‘Lizzie!’
Lizzie levered herself up onto the sharp rocky crest, got one brown leg, already grazed and bleeding slightly, over the top, then, impeded by the full skirt of her blue dress, swung the other leg over, lost her balance and slid down the long smooth surface into the pool.
‘Oh, Lizzie!’
I pulled her out and hugged her, laughing with that agonized laughter which is so close to a mixture of wild exasperation and tears.
Now Lizzie, laughing too, was squeezing out the wet hem of her dress.
‘You’ve cut yourself.’
‘It’s nothing.’
‘You’ve lost a shoe.’
‘It’s in the pool.
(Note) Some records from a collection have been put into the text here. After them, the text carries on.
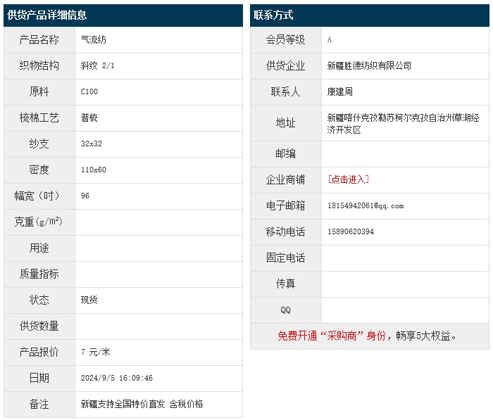 9月5日,新疆勝德紡織有限公司氣流紡純棉布C100 32x32 110x60 96" 斜紋 2/1,報(bào)價(jià)為7元/米,實(shí)際成交價(jià)以協(xié)商為準(zhǔn)。[點(diǎn)擊查看詳情]
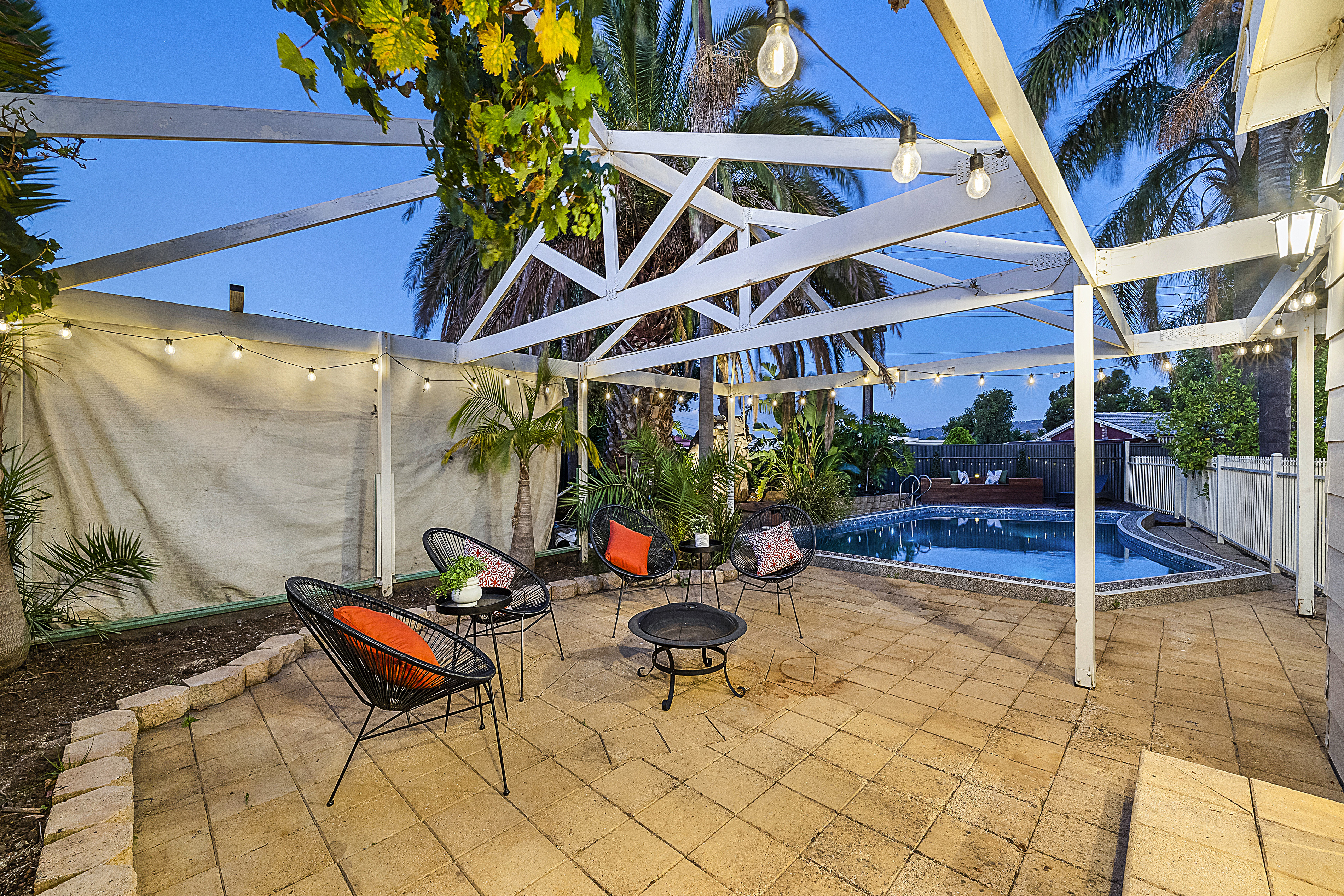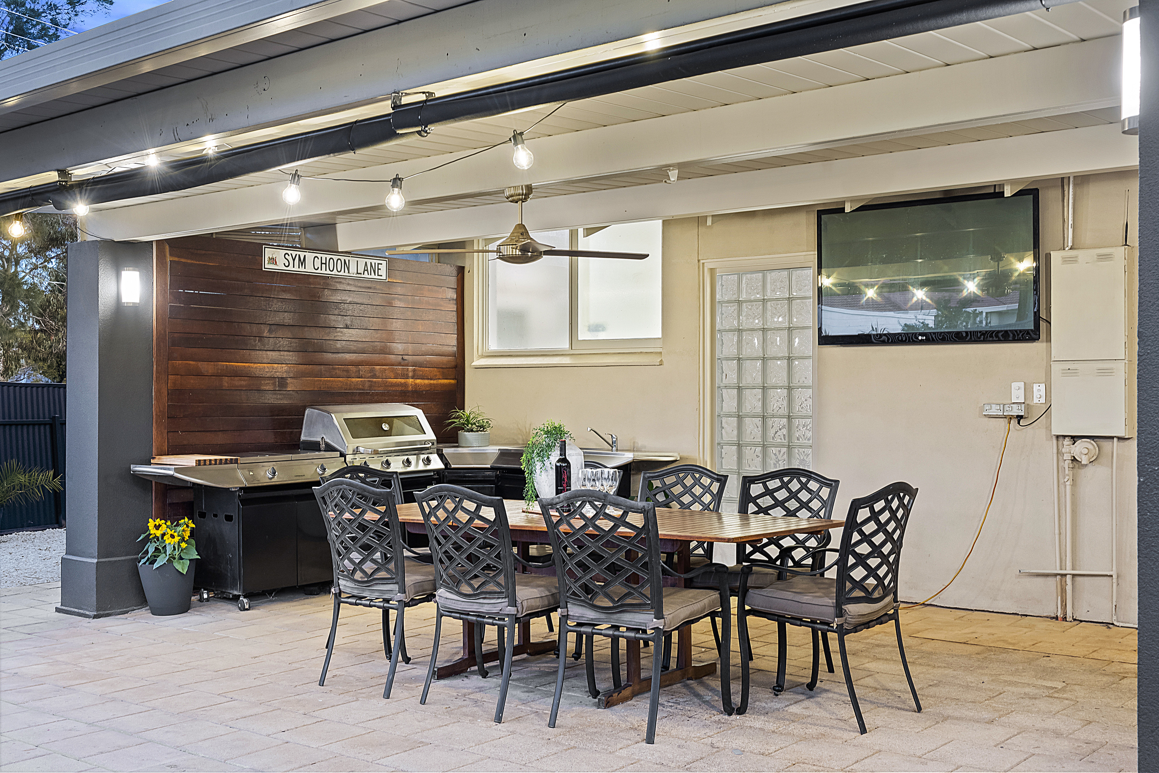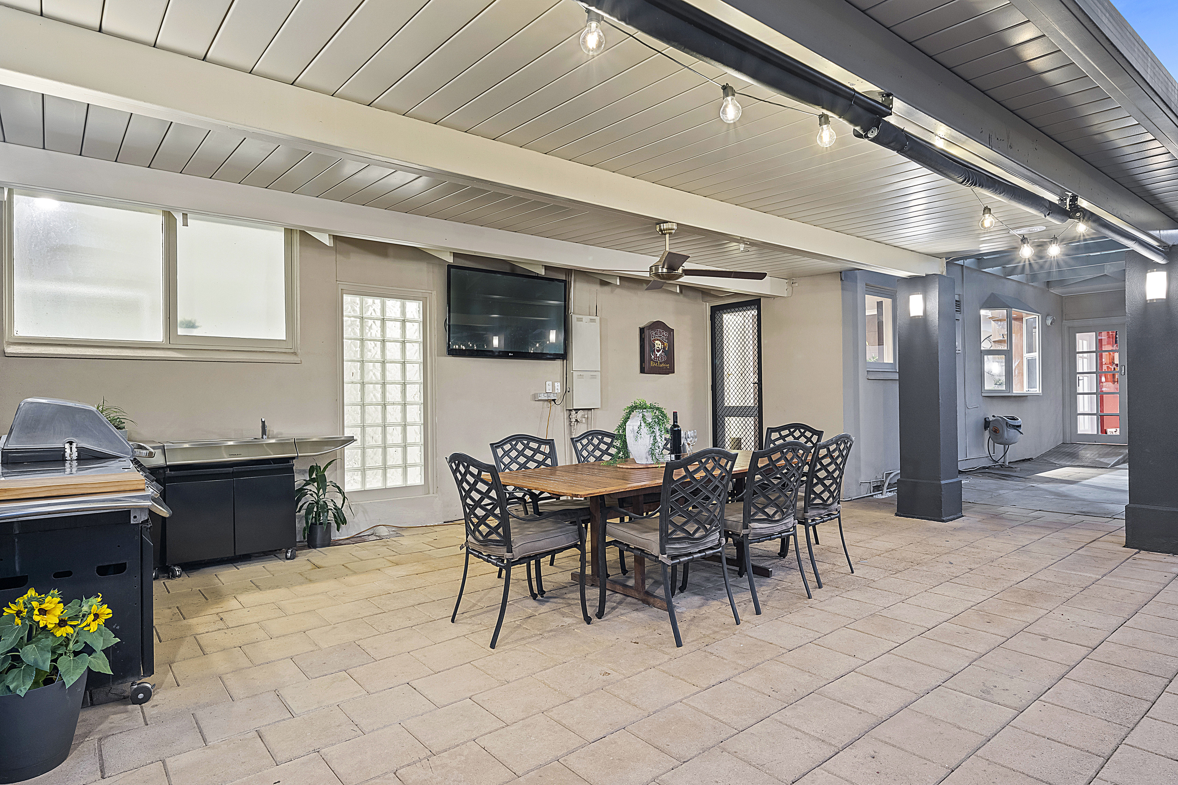 - A spacious undercover entertaining area in the back yard that includes a ceiling fan and roller blinds to increase comfort all year round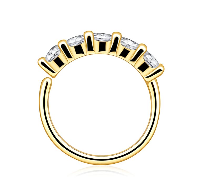 KB04G-2008 is a 14K solid gold seamless ring set with five aligned CZ stones for a clean, bright row of sparkle in a minimalist hoop.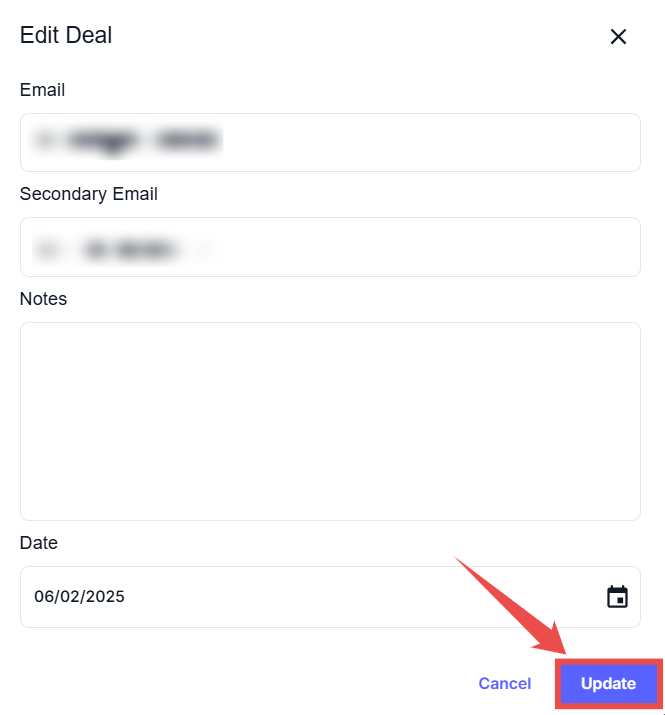Step 3: A modal window will appear with the deal’s existing details—make the necessary changes (e.g., email, notes, or date), then click Update to save.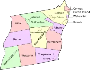 The Manor of Rensselaerswyck was created as a district within the county in 1772, and later divided into two districts, one on each side of the Hudson River in 1779. The west district included all of what is now Albany County other than lands were in the city of Albany at the time.[9] Though the Manor of Rensselaerswyck was the only district (along with the city of Albany) in what is today Albany County, it was not the only district in what was Albany County at the time. Pittstown in 1761, and Duanesburgh in 1764, were created as townships. But when districts were created in 1772, those townships were incorporated into new districts, Pittstown in Schaghticoke and Duanesburgh into the United Districts of Duanesburgh and Schoharie.[7] Schenectady was also made from a borough to a district in 1772.[10] Other districts established in 1772 were Hoosick, Coxsackie, Cambridge, Saratoga, Halfmoon, Kinderhook, Kings, Claverack, Great Imboght, and the Manor of Livingston.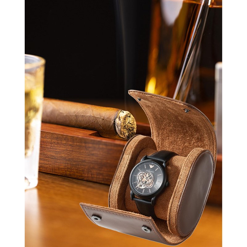 Mr.Okay Single Watch Travel Case -Classic Leather Watch Case With Perfect Texture.(Watch Carrying Case Or Organizer For Storage And Display).Mens Watch Case for Travel Handcrafted by Craftsmen.
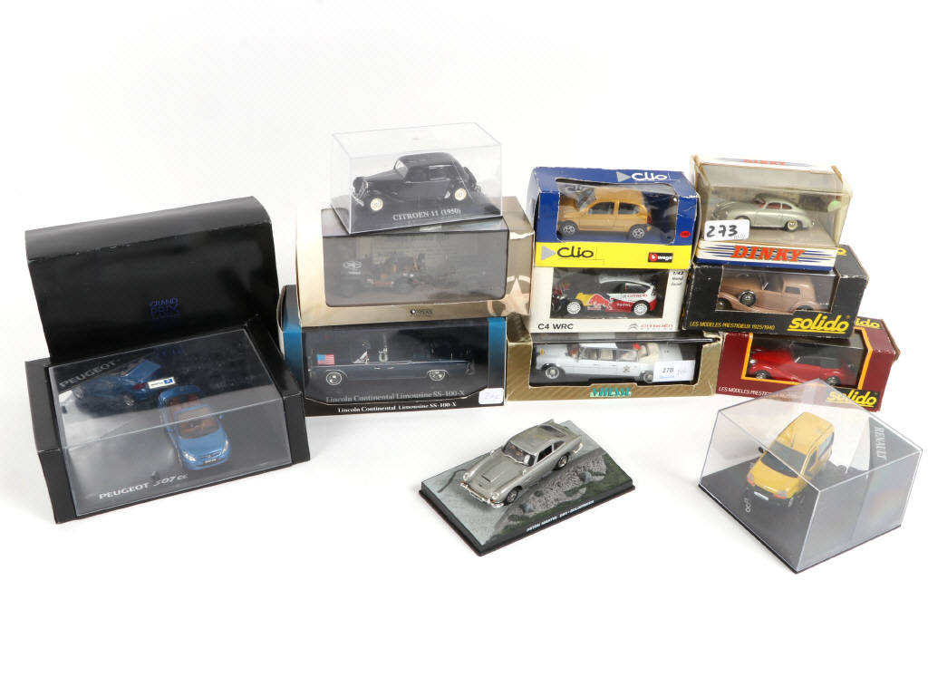 on y retrouve notamment les marques : DINKY TOYS, SOLIDO & VITESSE - états des boîtes de 'a' à 'c' (déformées, rayées & déchirées par endroits)

Can I have that one, or are you collecting my shoes? Oh Charles-you don’t mind my coming?’
‘You know Gilbert’s here?’
‘Yes, he wrote to me, he couldn’t help boasting that he was staying with you.’
‘Did he ask you to come?’
‘No, no, I think he wanted to have you to himself. But I suddenly so much wanted to come and I thought, why not?’
‘You thought “why not”, did you, little Lizzie. Did you drive?’
‘No, I came by train, then taxi.’
‘Just as well. There soon won’t be any more parking space left out there. Come on inside and get dry. Don’t slip again, these rocks are tricky.’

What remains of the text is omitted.